Uma voz contra o arbítrio

O caso Delza Curvello Rocha é o mais grave alerta até agora formulado contra o poder absurdo concedido a essa aliança entre uma facção radical do Ministério Público e a mídia.
Como coordenadora da 5ª Câmara de Coordenação e Revisão, Delza opinou que não cabia ao MP deliberar sobre liberações de verba em relação a um pedido de sustação de verbas para o TRT.
Com base nesse voto, Luiz Francisco Fernandes de Souza e outros procuradores de seu grupo fizeram uma representação contra ela e contra seu colega Washington Bolívar de Brito Júnior.
Logo em seguida, a informação vazou para a imprensa. O "Correio Braziliense" e depois os demais jornais publicaram matérias dizendo que a procuradora e seu colega que participara da votação estavam "sob suspeita" de participarem da máfia do TRT.
Aí o grupo radical do MP pegou as cópias dos jornais, com as matérias fornecidas por eles próprios, colocou dentro de uma capa de processo e assinou um pedido para apurar as denúncias, fazendo uma representação contra seus colegas.
Reduziu a reportagem a um escrito, grifou o nome de Delza e de seu colega dizendo que, "diante da gravidade dos fatos", o MP tinha que apurar. E mandou protocolizar abertamente.
O rapaz do protocolo fez o que lhe foi pedido, colocou Delza e Washington como suspeitos e, como interessados, 16 procuradores que assinaram o documento.
Quando Delza entrou junto à Justiça para obter a liminar e ter acesso ao processo, os denunciantes perceberam que, com o nome de ambos na capa, abria-se espaço para uma ação ordinária contra eles.

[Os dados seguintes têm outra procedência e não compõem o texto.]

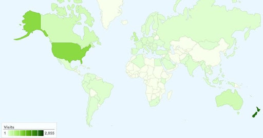 NZ, 50.5%; USA, 16.4%; Australia, 5.4%; UK, 5.2%; Canada, 2.4%; Italy, 1.7%; Sweden, 1.6%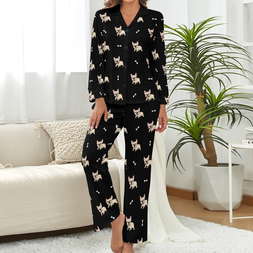 Celebrate your love for French Bulldogs with this charming pajama set. Featuring cream-colored French Bulldogs with perky ears and playful tongues, these pajamas capture the breed's lovable spirit.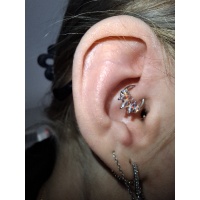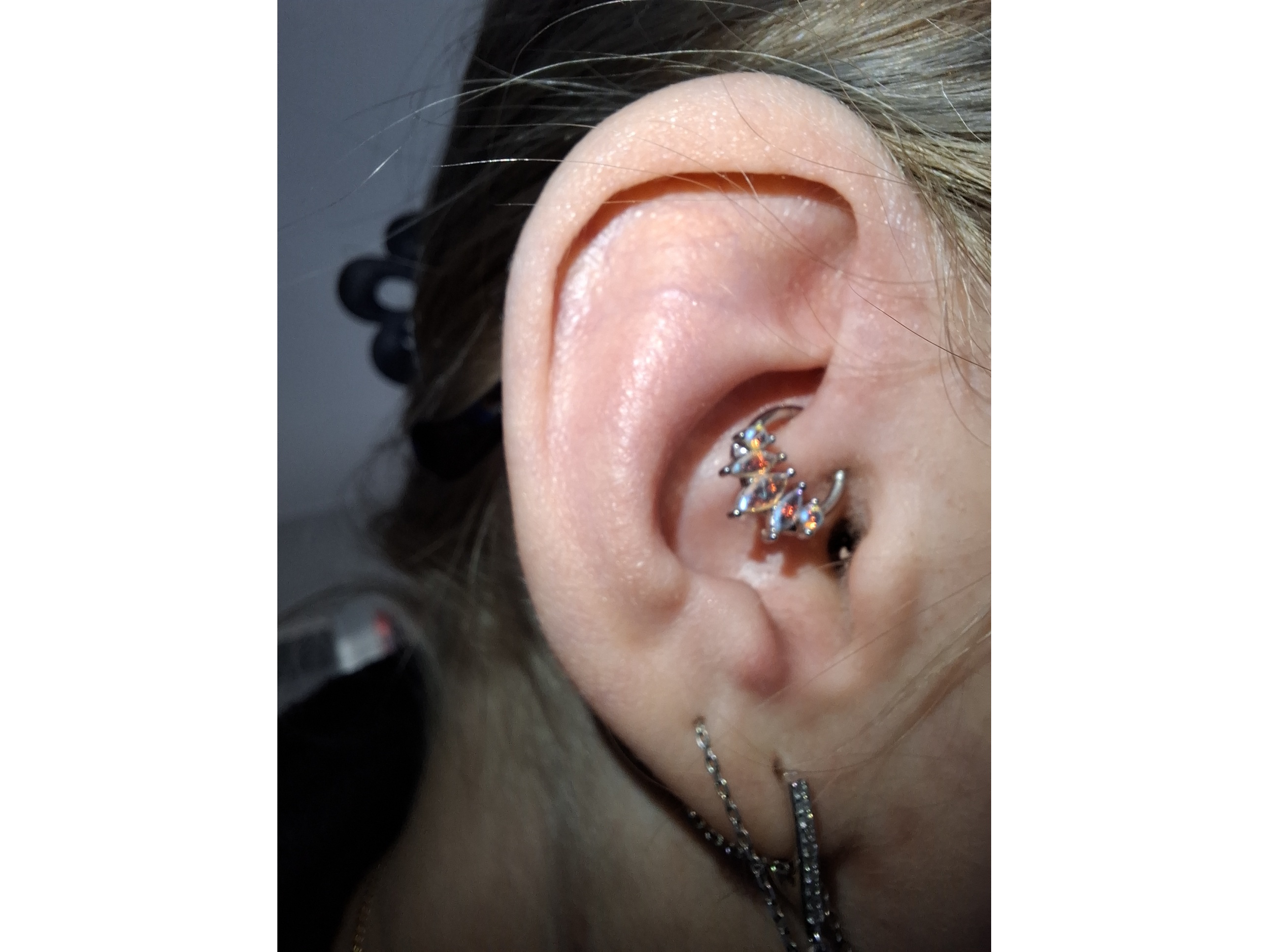 Kółko kolczyka owszem jest zrobione ze stali chirurgicznej, ale niestety mocowanie kryształków nie. Po czasie zmienia kolor na różowy i brudzi się i skórę na zielono. Nie polecam nosić go jako kolczyk daith, nie jest się w stanie wyczyścić go na 100%. :(

Luiz Francisco mandou, então, a menina do protocolo tirar o nome dos colegas como suspeitos, colocando no lugar a Secretaria do Tesouro Nacional. Mas a condenação já estava estampada em todos os jornais.
A reação de Luiz Francisco foi atribuir a culpa à imprensa.
"A notícia publicada no jornal "Correio Braziliense", transcrita pela doutora Delza, não é exata quando diz que a investigação seria para apurar o envolvimento de dois subprocuradores na liberação de R$ 12,9 milhões. Não, o procedimento investigatório visa apurar como ocorreu a liberação dos quase R$ 13 milhões, com todas as circunstâncias. O procedimento tem como finalidade apurar os fatos e não investigar pessoas. Na medida em que a apuração sobre os fatos (verbos) for feita, surgirão os suspeitos (sujeitos dos verbos)."
Depois de esperar em vão pela posição do procurador-geral, a doutora Delza resolveu apelar para o Conselho de Defesa dos Direitos da Pessoa Humana. Sua intenção é que, jogando o caso lá, a ABI e a OAB entrem na questão e lhe dêem a retaguarda que não conseguiu junto ao seu procurador-geral.
Na semana passada, recebi dela a seguinte carta com a representação, que reproduzo a seguir:
"Prezado Luís,
(...)O custo que certamente pagarei pela ousadia do documento será elevadíssimo, eu sei.
"Mas prefiro correr todo e qualquer risco a ter inserido no ordenamento jurídico nacional um Ministério Público com tantos poderes e tão pouca consciência das responsabilidades de que se encontra investido.
"É certo que o Ministério Público não se resume às pessoas contra as quais representei.
"A turma é grande e boa, mas está amedrontada -tanto quanto eu- diante da cobertura que essas ações temerárias vêm recebendo da mídia, colocando-os como "os salvadores da pátria" (como se nós outros -que não nos utilizamos da mesma "metodologia" por eles utilizada- fôssemos os "traidores").
"(...)Creio que ambos -imprensa e Ministério Público- necessitam se sentar e se repensar, pois são duas forças que, juntas, poderão, se assim desejarem, levar uma nação ao caos.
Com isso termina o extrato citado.